[Provided data]
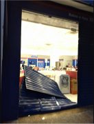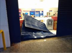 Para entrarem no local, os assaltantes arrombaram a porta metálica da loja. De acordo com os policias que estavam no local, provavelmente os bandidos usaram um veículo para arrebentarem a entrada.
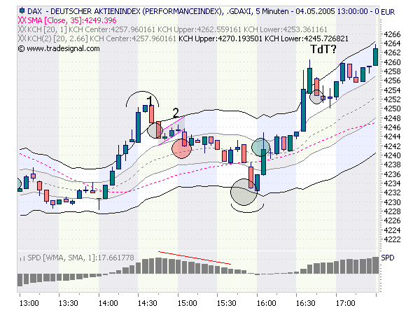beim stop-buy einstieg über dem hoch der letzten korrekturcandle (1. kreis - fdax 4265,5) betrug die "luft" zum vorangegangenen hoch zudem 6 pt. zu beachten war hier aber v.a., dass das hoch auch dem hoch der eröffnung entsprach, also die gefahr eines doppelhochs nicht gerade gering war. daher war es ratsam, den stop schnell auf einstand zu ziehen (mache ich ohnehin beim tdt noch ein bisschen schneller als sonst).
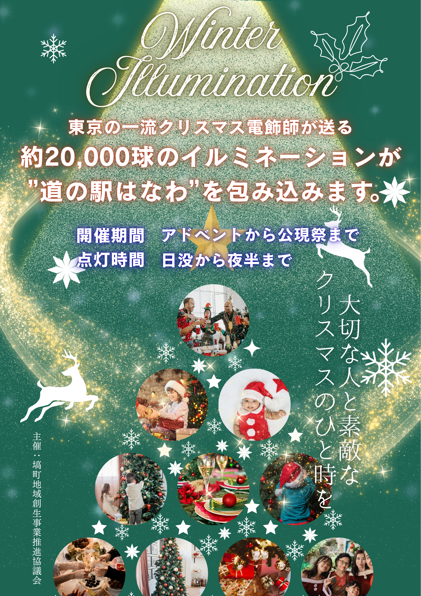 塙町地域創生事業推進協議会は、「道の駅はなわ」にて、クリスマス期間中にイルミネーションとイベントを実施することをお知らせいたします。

[What this task involves] I'd like the material repeated word for word, without the pictures it holds.

[Answer below]
 Para entrarem no local, os assaltantes arrombaram a porta metálica da loja. De acordo com os policias que estavam no local, provavelmente os bandidos usaram um veículo para arrebentarem a entrada.
beim stop-buy einstieg über dem hoch der letzten korrekturcandle (1. kreis - fdax 4265,5) betrug die "luft" zum vorangegangenen hoch zudem 6 pt. zu beachten war hier aber v.a., dass das hoch auch dem hoch der eröffnung entsprach, also die gefahr eines doppelhochs nicht gerade gering war. daher war es ratsam, den stop schnell auf einstand zu ziehen (mache ich ohnehin beim tdt noch ein bisschen schneller als sonst).
 塙町地域創生事業推進協議会は、「道の駅はなわ」にて、クリスマス期間中にイルミネーションとイベントを実施することをお知らせいたします。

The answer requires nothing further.